The Company's liquidity should be considered in light of the significant
fluctuations in demand experienced by drilling contracts as rapid changes in
oil and gas producers' expectations and budgets occur.  These fluctuations can
rapidly impact the Company's liquidity as supply and demand factors directly
affect utilization and day rates, which are the primary determinants of cash
flow from the Company's operations.  Based on current circumstances and
assuming no other changes, the day rates charged to HOC for Rig 22 and Rig 25
are insufficient to enable the Company to meet its obligations of the $12
million maturing on January 3, 2000 for Rig 22 (see Note 6) and the Company's
note payable to HOC of approximately $1.7 million maturing on January 1, 1999
(see Note 4).
   8
                                      -2-


Rigs, Equipment and Property

Depreciation is calculated using the straight-line method over the estimated
rig asset life, net of estimated salvage value.  At December 31, 1995 and 1996,
Rig 25 was recorded at a cost of $12,164,057 and $12,696,865, respectively, net
of accumulated depreciation of $1,115,187 and $1,903,456, respectively.
Expenditures for settlements of rigs and equipment are capitalized as incurred.
Expenditures for maintenance and repairs are charged to expense as incurred.

Deferred Costs

In 1995, HRC incurred costs and paid fees in connection with various financing
arrangements (see Note 3).  These costs, primarily legal fees, underwriters'
costs and loan commitment fees, were deferred and included in other assets at
December 31, 1995, at a cost of $271,565 net of accumulated amortization of
$135,415 and were being amortized into the results of operations through the
date of loan repayment in December 1996.  Also included in other assets are
organizational costs incurred during the formation of the Company.  These costs
are being amortized on a straight-line basis over five years.  At December 31,
1995 and 1996, organizational costs were recorded at a cost of $25,599, net of
accumulated amortization of $8,409 and $13,698, respectively.  The Company
recorded amortization expense of approximately $3,000, $141,000, and $176,000
during the period from inception through December 31, 1994 and for the years 
ended December 31, 1995 and 1996.

Income Taxes

The Company follows the provisions of Statement of Financial Accounting
Standards (SFAS) No. 109, "Accounting for Income Taxes."  Under SFAS No. 109,
the tax provision is determined based upon the liability method in which
deferred tax assets and liabilities are recognized based on differences between
the financial statement and tax bases of assets and liabilities using enacted
tax rates.  SFAS No. 109 provides, in part, that a deferred tax asset shall be
evaluated for realization based on a more-likely-than-not criteria.

Use of Estimates

The preparation of financial statements in conformity with generally accepted
accounting principles requires management to make estimates and assumptions
that affect the reported amounts of assets and liabilities and disclosure of
contingent assets and liabilities at the date of the financial statements and
the reported amounts of revenues and expenses during the reporting period.
Actual results could differ from those estimates.

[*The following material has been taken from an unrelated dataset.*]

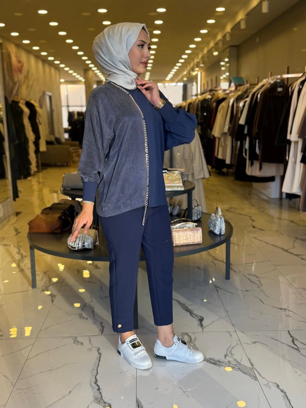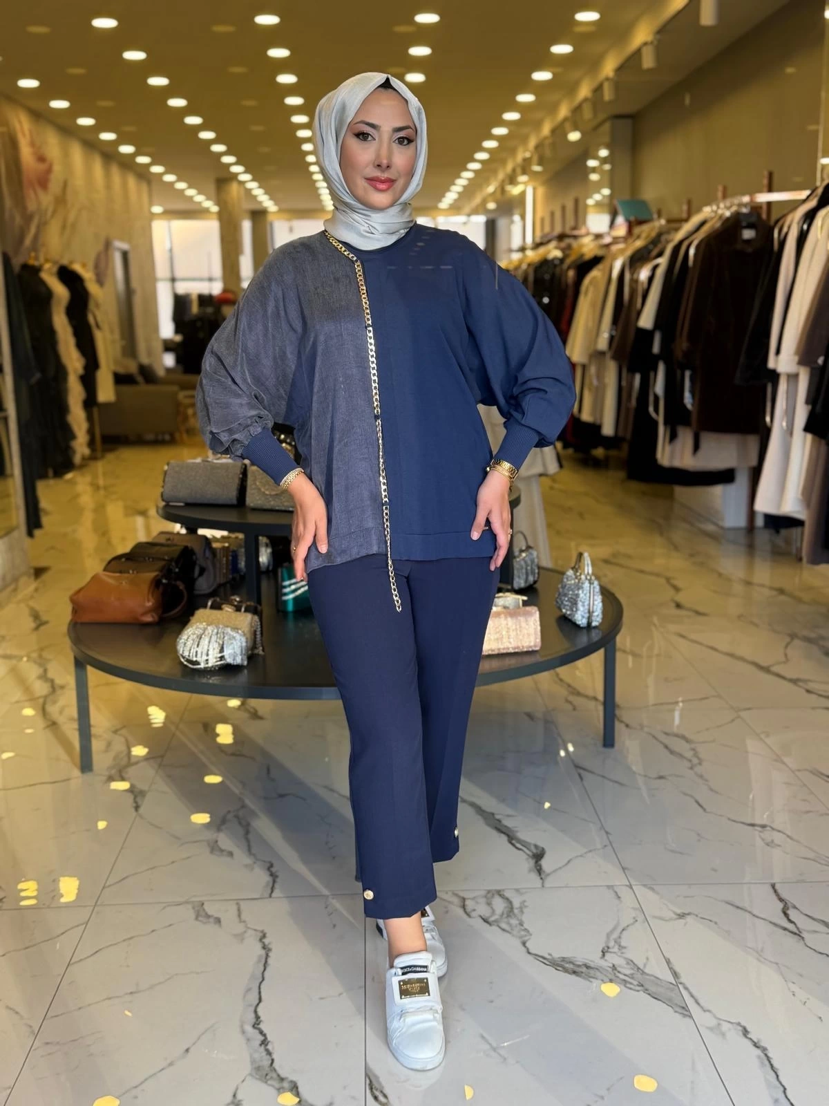 NİLİWİ-YARISI KUMAŞ ZİNCİRLİ YARASA BLUZ LACİVERT ile Merihce Luxury'nin zarafet ve kalite anlayışını keşfedin. Koleksiyonumuzun bu seçkin parçası, stilinize lüks bir dokunuş katmak için özenle tasarlandı.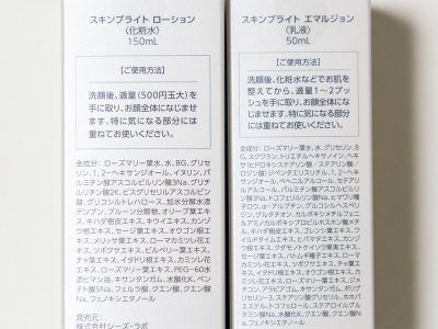 こだわりは水ではなく「ローズマリー葉水(整肌成分)」を最も多く配合していること。スキンケアの成分表示の順番は、配合率の高い順に並んでいますが、「スキンブライトローション」・「スキンブライトエマルジョン」ともに「ローズマリー葉水」が一番に表示されています。「スキンブライトローション」はこのローズマリー葉水を基材として 、グリチルリチン酸2Kや、浸透型ビタミンC誘導体(APPS)など美容液級の成分を20種配合。うるおいを与えてキメを整え、透明感のある肌へと導いてくれます。突出したキー成分がある、というよりも、配合された全成分の調和で肌のバランスをととのえてくれるイメージです。

Interim Financial Information

The interim financial statements as of April 30, 1997, and for the four months
ended April 30, 1996 and 1997, are unaudited, and certain information and
footnote disclosures, normally included in financial statements prepared in
accordance with generally accepted accounting principles, have been omitted.
In the opinion of management, all adjustments, consisting only of normal
recurring adjustments, necessary to fairly present the financial position,
results of operations and cash flows with respect to the interim financial
statements have been included.  The results of operations for the interim
periods are not necessarily indicative of the results for the entire fiscal
year.

3. SHAREHOLDER ADVANCES
   AND LONG-TERM DEBT:        

In 1994, in connection with the original capitalization of the Company, the
shareholder advanced $9.4 million to the Company to fund the acquisition of Rig
25 from Chiles (see Note 4 for additional discussion of the purchase of Rig
25).  Of this advance, $5,250,000 was recorded as equity of the Company.  The
remaining $4,150,000 was established as a payable to the shareholder pursuant
to terms and conditions as set forth in a promissory note to the shareholder.
HRC accrued interest on the note at prime resulting in accrued interest of
$446,623 through July 1995.
   9
                                      -3-


In July 1995, the Company borrowed $4,000,000 from Tufton Oceanic Finance Corp.
(Tufton), secured by Rig 25, of which the $3.7 million net proceeds were used
to repay the accrued interest and debt to the Company's shareholder.  As part
of the agreement with the lender, HRC's remaining debt to its shareholder of
$841,953 was contributed to HOC as additional paid-in capital at that time.
The $4,000,000 note payable to Tufton was payable in monthly installments of
principal and interest equal to the revenues earned by HRC on the bareboat
charter of Rig 25.  These payments were applied first to accrued interest with
the remaining portion applied to principal.  The balance of the note was due on
July 14, 1996, which was subsequently extended through December 3, 1996.
Interest on the note ranged from 12 percent to 15 percent.  The remaining
balance of approximately $3,541,000 was repaid on December 3, 1996, from funds
received as a capital contribution from the shareholder of HRC (see Note 4).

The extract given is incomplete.